Thursday, August 5, 2010

169. A Night Fright


169.

After a few restful days in camp I return to Baalbek by bus to see more of the Roman ruins.

In the ruins I bump into a pretty, young French woman who is staying at the guesthouse of the dope farmer. We spend an hour or two chatting. She is going back to Paris this evening--making a delivery, I assume--while I plan to return to my valley campsite.

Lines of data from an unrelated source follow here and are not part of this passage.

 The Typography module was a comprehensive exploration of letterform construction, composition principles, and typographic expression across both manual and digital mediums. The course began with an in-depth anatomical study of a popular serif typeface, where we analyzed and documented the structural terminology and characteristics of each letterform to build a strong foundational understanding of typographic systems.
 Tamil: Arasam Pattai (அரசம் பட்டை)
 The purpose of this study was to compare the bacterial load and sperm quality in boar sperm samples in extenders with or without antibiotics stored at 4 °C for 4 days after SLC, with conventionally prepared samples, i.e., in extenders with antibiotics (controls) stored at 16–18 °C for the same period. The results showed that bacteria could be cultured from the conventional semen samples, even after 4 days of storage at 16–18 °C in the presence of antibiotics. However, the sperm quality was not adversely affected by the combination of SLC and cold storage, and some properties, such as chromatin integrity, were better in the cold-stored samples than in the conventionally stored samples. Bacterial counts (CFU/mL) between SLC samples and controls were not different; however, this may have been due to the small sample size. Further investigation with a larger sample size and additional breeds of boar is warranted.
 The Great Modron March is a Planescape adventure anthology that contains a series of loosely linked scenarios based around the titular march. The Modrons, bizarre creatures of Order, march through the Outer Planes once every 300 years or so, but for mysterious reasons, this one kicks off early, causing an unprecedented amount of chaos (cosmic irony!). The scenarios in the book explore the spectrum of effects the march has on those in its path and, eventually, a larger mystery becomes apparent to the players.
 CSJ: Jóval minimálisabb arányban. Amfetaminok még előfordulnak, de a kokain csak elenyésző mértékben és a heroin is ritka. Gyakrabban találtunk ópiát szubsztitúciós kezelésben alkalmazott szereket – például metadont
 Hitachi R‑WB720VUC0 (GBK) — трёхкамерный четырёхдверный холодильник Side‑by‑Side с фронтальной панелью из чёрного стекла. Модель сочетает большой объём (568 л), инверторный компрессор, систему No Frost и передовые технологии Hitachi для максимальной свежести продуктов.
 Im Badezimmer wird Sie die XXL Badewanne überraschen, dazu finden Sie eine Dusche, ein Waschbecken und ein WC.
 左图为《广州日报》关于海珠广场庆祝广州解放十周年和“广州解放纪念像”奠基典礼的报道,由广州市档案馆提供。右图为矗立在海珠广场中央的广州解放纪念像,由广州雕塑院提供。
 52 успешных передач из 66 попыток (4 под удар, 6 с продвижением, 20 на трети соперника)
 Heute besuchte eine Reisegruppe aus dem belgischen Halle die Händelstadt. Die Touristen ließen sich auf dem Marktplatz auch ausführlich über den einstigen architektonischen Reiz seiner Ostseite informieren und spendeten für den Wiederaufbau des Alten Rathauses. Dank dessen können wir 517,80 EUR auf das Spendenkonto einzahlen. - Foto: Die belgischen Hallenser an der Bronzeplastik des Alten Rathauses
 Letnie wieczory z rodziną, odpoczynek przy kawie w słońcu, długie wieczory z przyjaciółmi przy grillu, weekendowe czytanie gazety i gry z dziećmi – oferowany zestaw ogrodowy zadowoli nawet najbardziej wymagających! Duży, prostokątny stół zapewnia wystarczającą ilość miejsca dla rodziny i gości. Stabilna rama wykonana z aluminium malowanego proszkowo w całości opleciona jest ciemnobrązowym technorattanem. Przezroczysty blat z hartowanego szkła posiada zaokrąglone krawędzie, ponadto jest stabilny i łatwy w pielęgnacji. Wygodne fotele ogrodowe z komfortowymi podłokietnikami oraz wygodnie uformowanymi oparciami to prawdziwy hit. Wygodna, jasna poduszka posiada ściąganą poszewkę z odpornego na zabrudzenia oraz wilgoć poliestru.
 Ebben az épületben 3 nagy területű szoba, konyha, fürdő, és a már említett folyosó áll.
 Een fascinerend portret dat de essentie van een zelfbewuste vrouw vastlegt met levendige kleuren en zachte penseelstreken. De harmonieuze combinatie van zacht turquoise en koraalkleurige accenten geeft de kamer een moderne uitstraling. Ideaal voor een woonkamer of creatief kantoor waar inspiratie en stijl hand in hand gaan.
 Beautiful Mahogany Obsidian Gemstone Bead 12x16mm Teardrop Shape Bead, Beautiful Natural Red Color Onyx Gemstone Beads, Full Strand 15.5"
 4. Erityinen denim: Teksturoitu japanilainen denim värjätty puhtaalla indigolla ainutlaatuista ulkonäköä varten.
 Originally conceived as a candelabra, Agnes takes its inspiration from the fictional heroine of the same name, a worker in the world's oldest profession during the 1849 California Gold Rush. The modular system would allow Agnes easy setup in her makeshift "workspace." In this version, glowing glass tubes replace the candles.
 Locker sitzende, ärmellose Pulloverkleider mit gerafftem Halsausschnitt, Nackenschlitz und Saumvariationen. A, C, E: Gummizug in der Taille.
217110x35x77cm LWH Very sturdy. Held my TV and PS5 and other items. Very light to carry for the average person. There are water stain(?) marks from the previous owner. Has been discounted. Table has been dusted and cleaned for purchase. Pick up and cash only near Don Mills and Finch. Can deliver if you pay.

It is dark when the bus from Baalbek to Beirut reaches the place where the country road turns off from the main highway and I get off the bus. A taxi immediately pulls up with three men inside. I tell the driver where I want to go and he agrees to take me. Along the way he drops his other passengers off and we continue alone. There is no other traffic moving on this country road.

After a long winding drive into the hills, I am beginning to think I have been kidnapped when he suddenly stops and says he will go no further. I think he is afraid of me! I pay and get out of the cab.

It is getting dark and the moon has not yet risen but soon another male pedestrian appears who speaks enough French to inform me that I might be able to get some help or transportation at a church just down the road. In the gathering gloom I walk to the “church” and knock at the huge wooden front door.


A female doorkeeper from a Charles Adams cartoon answers my knock and tells me in French that there is a priest inside who speaks English and who can help me. The place is no church however, but seems to be some sort of hospital or monastery. I follow the creepy woman down a long, white, high ceilinged passageway feeling more and more mistrustful.

The woman opens a door at the end of the hallway and right behind the door stands an officer in green uniform with polished brass and leather-holstered pistol. Wow! Now I am sure I have been kidnapped!

The officer welcomes me in a friendly way and says I may spend the night but I stammer that I really must be getting back to my camp. He says the camping place I seek is still a couple of kilometers up the road and that he and his friends will be glad to take me there in his jeep, but I have been edging closer to the entry door the whole time.

"Non, merci.
" and I hurry down the long hall, through the door and back out into the night.